Professor Friedman concludes with a clear and compelling statement:
"Market failure indeed exists on ordinary private markets, and prevents them from reaching the ideal result; but it not only exists, but is endemic, on political markets. Market failure is really coming because I'm taking an action in which a sizeable part of the cost or benefit is going to other people. If you think about the markets on which political decisions are made - the market where we elect politicians, or the market where politicians trade favours and such - almost every case, the people making the decisions are bearing a negligible fraction of the cost or receiving a negligible fraction of the benefit... If what you're considering is, 'Should the production of food, automobiles, schooling or anything else, be handled by a private market or by the government?,' the logic of this argument is that market failure will result in both doing a less than perfect job, but it is likely to have much more serious problems for the political option."

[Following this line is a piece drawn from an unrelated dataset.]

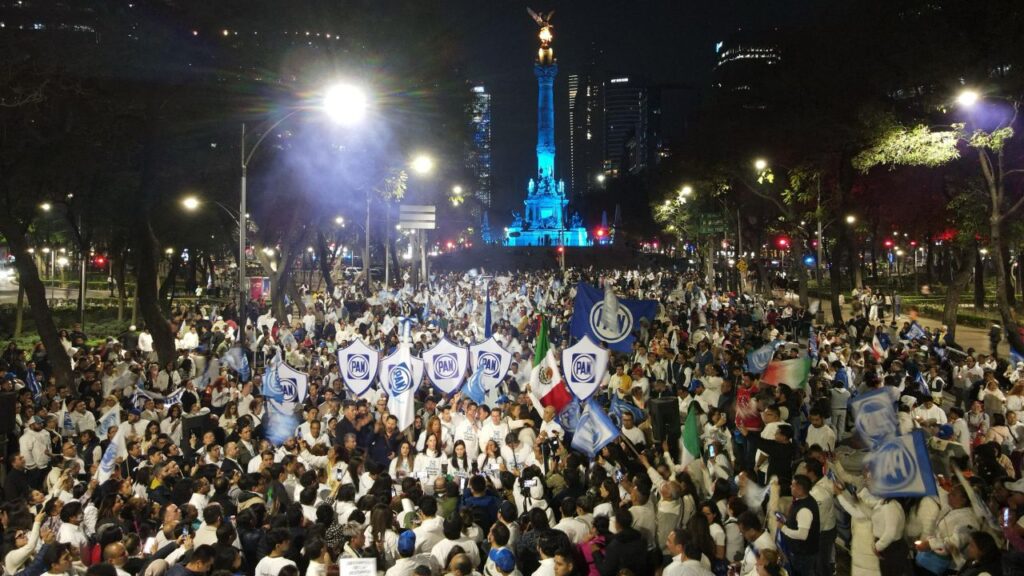 El PAN se manifestó en Paseo de la Reforma para protestar en contra de la elección de jueces, ministros y magistrados del próximo 1 de junio, tras la reforma al Poder Judicial.

Following the main talk, there is a wide-ranging questions session, taking in topics as diverse as pirate democracy, life extension, nanotechnology, selling citizenships, private law enforcement, Saga-period Iceland, direct democracy, the psychology of voting, Sarah Palin, prayer and Usenet (to the latter of which Professor Friedman is a prolific contributor).

One particular remark from the questions is memorable for its sense of proportion:
"As catastrophes go, global warming is a pretty wimpy catastrophe. Global warming, on current estimates, in 100 years, is going to raise sea levels by a foot or two, and raise the temperature of the earth by about 3 degrees centigrade... That could be bad for some people - it might even be bad on net, we don't really know. It could be good for some people, certainly bad for some. [gestures to his new book, Future Imperfect] I've got three different technologies that could wipe out our species in less than 100 years."

2 comments:

_ said...

Thanks for posting this!

Seienchan said...

Wow, I'd forgotten how enjoyable this talk was! Should have got our conversation on Objectivism beforehand though; that was fun.